Monday, December 15, 2025

A Cautionary Tale From PERB: When AI Hallucinations Lead to Stricken Briefs and Lost Arguments

    In the fast-evolving world of public sector labor law, tools like generative AI promise efficiency and innovation. But as a recent decision from the Public Employment Relations Board (“PERB”) reminds us, they can also spell disaster if not handled with the utmost care. In California State University Employees Union v. Trustees of the California State University (San Diego) (PERB Case No. LA-CE-1433-H), an Administrative Law Judge (“ALJ”) took the extraordinary step of striking the employer’s pre-hearing brief from the record. The reason? Fabricated citations and quotations from a federal appellate decision that simply didn’t exist as presented—hallmarks of unchecked AI output.

    Let’s break this down step by step, because this isn’t just a procedural hiccup; it’s a wake-up call for unions, employers, and practitioners alike in California’s public safety sector.

The Case Background

    The underlying dispute centers on the employee status of residential assistants (“RAs”) under the Higher Education Employer-Employee Relations Act (“HEERA”), specifically Government Code section 3562(e). The union argued that student RAs qualify as employees entitled to bargaining rights, while the Trustees of the California State University (“CSU”) contended otherwise. In preparation for a hearing, the ALJ directed both parties to submit pre-hearing briefs addressing the legal test for employee status and the relevance of federal Fair Labor Standards Act (“FLSA”) precedents.

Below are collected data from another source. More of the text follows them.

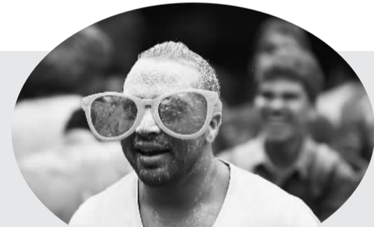
10月16日,一场别开生面的“彩色跑”活动在埃及首都开罗尼罗河畔举行,数百名埃及青年在彩色粉末中尽情狂欢。左图为一名女青年在“彩色跑”活动中抛撒彩色粉末。右图为一名男青年在“彩色跑”活动中奔跑。

据日本《每日新闻》日前报道,针对日本《特定秘密保护法》,该国范围内至少有195个县议会、市町村议会通过了要求日本政府废止或是要求谨慎应用此项法律的意见书。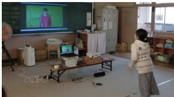
(写真) 画面の向こうの先生と、ボールがあるつもりでキャッチボール！

コロナ禍をきっかけに、様々な活動制限を強いられた全国の子どもたち。そんな中でも、学び×遊び×成長の場を止めないよう、公益財団法人日本財団様の助成のもと、オンラインでプログラムをお届けする「みんなのアフタースクール」を、全国の学童保育・放課後子ども教室を対象に開催しました。サイエンス、食育、語学などの学び系プログラムの他にも、歌舞伎役者・舞台女優・世界の裏側から登場する市民先生との交流プログラムなど、幅広いジャンルのプログラムを用意し、子どもたちに新たな出会いと豊かな体験をお届けしました。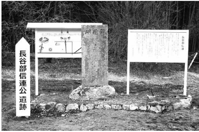
屋敷跡にある看板は、1月に修復工事を行いました

現在の下榎1区の西端には、信連の屋敷跡があります。ここは、東西85メートル、南北70メートルの広さがあり、堀の跡や建物の礎石が残っています。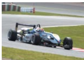
全日本F3選手権 第1戦 Cクラス 山内英輝 Nクラス 野尻智紀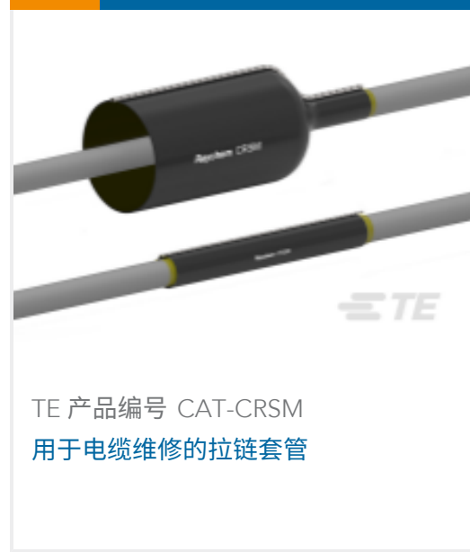
TE 产品编号 CAT-CRSM 用于电缆维修的拉链套管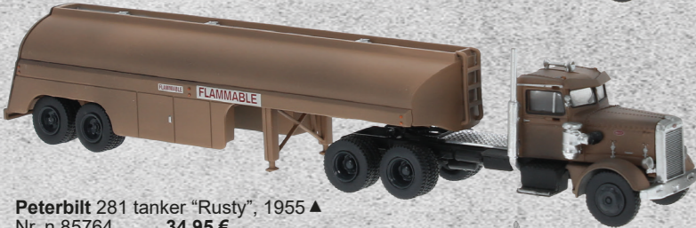
Peterbilt 281 tanker "Rusty", 1955 ▲ Nr. n 85764 34.95 €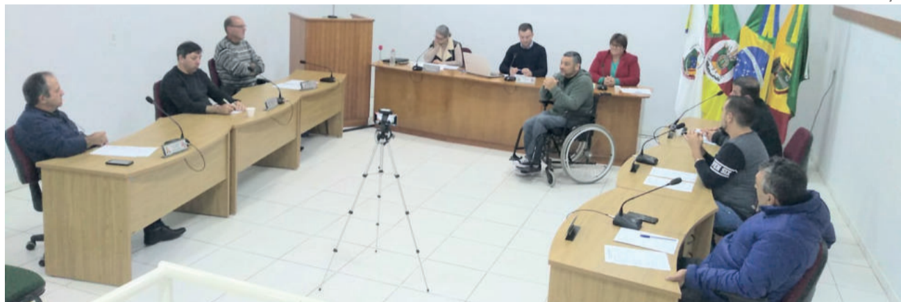
Aprovação ocorreu na sessão desta segunda-feira

    CSU filed its brief on November 3, 2025, relying heavily on Marshall v. Regis Educational Corp. (10th Cir. 1981) 666 F.2d 1324 (“Marshall”)—a real case, but one that CSU misrepresented through inaccurate page citations and invented quotations. For instance, the brief claimed the Tenth Circuit held that RAs’ duties were “primarily educational rather than economic in nature” and that they “receive the greater benefit from the program.” In reality, Marshall ends at page 1328 and contains none of these phrases or conclusions. The ALJ spotted the discrepancies, issued an Order to Show Cause, and ultimately struck the entire brief as a sanction after CSU’s response failed to adequately explain the errors.

    CSU admitted to “misnumbering of pages” and “erroneously included quotation marks around paraphrasing statements,” attributing it to a failure to double-check. But the ALJ wasn’t buying it, noting that the misrepresentations went beyond mere typos—they distorted the case’s holdings in a way that aligned suspiciously with CSU’s position. Drawing parallels to Noland v. Land of the Free, L.P. (2025) 336 Cal.Rptr.3d 897, where a California appellate court sanctioned counsel for AI-generated fabrications, the ALJ emphasized that such “hallucinations” undermine the integrity of legal proceedings.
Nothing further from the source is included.